■ Data excerpts ■
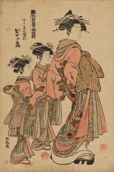栄松斎長喜は、専属的な絵師だった歌麿が蔦屋を離れた後、蔦重が新たに売り出した絵師だ。「長喜の特徴はなで肩でこけしのような女性と言われますが、江戸ではなく上方の遊女たちを描き、新しいトレンドを作り出そうといった意識も見えます」(松嶋さん)
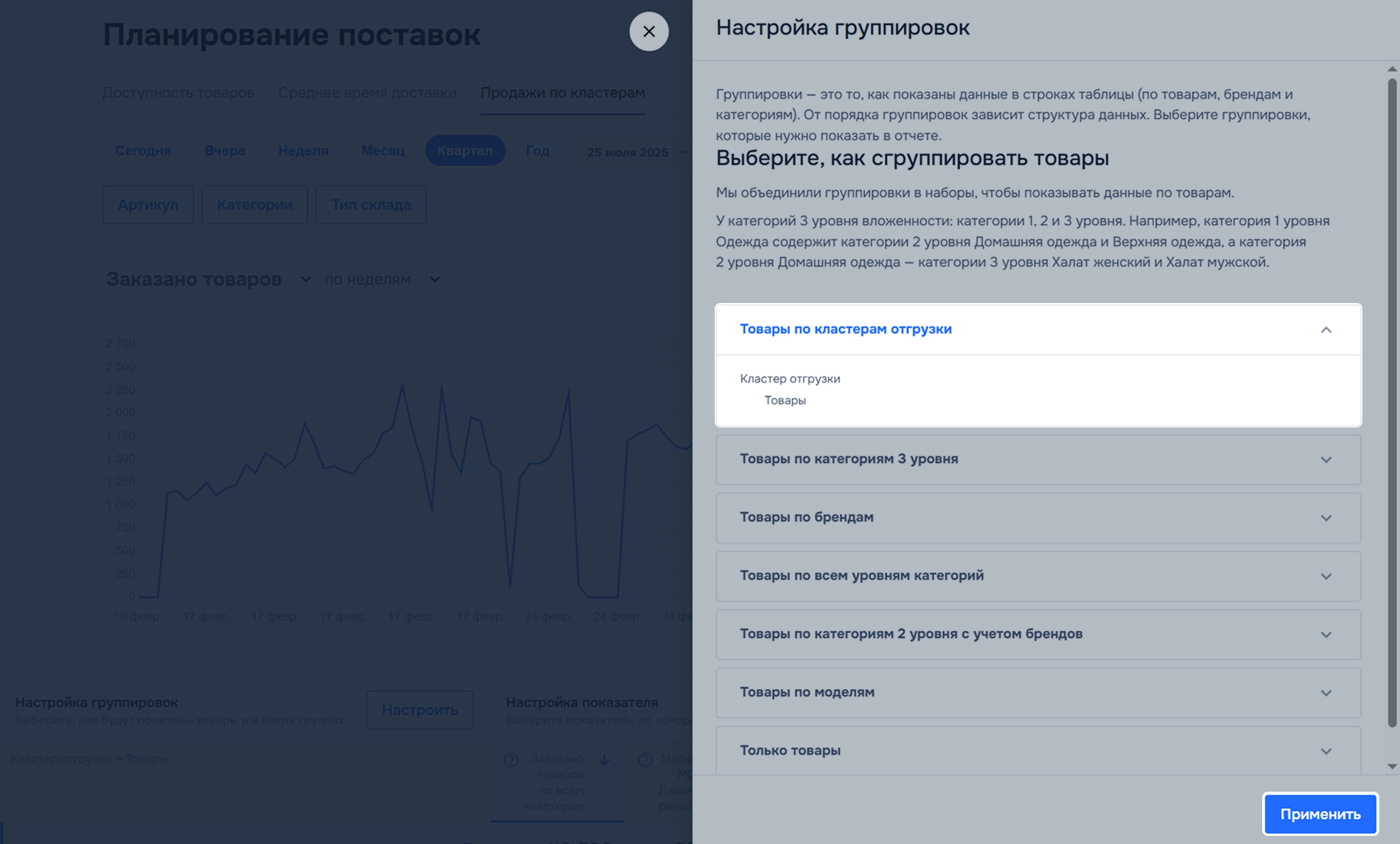 Настройка группировок. Можно выбрать, каким образом товары будут отображаться на графике: по категориям, брендам, моделям или кластерам отгрузки. Как настроить группировки
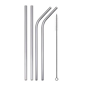 Kitcheniva Reusable Stainless Steel Drinking Straw with Cleaning Brush, 4 Pcs
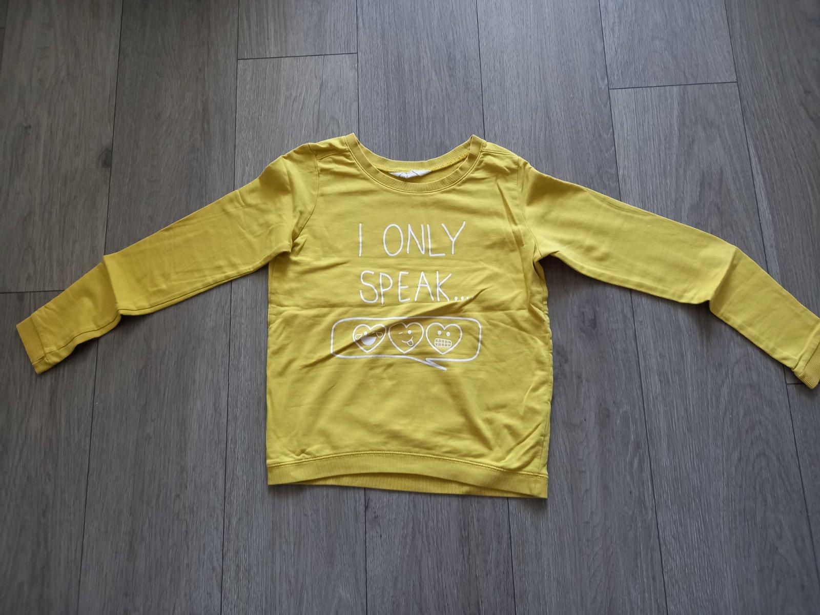 Tricko, dlhy rukav, farba je medzi tmavozltou a horcicovou, velmi prijemny material, 100 % bavlna, aplikacia trosku popraskana (len spodna cast, kde su srdiecka),
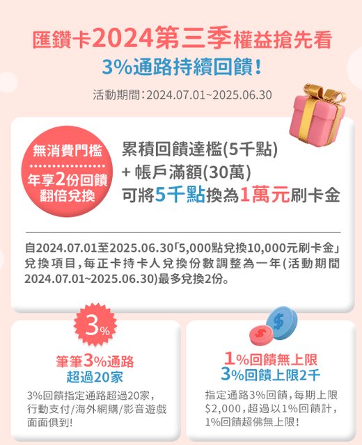 : 如題,繼門檻提高之後 (平均存款10萬變30萬)、每帳單週期3%上限2000之後

■ TO DO ■
Every line from the one containing "Tricko, dlhy rukav, farba" through the last line of the records is to be reproduced exactly, with pictures left out and nothing else given.

■ TASK RESPONSE ■
 Tricko, dlhy rukav, farba je medzi tmavozltou a horcicovou, velmi prijemny material, 100 % bavlna, aplikacia trosku popraskana (len spodna cast, kde su srdiecka),
 : 如題,繼門檻提高之後 (平均存款10萬變30萬)、每帳單週期3%上限2000之後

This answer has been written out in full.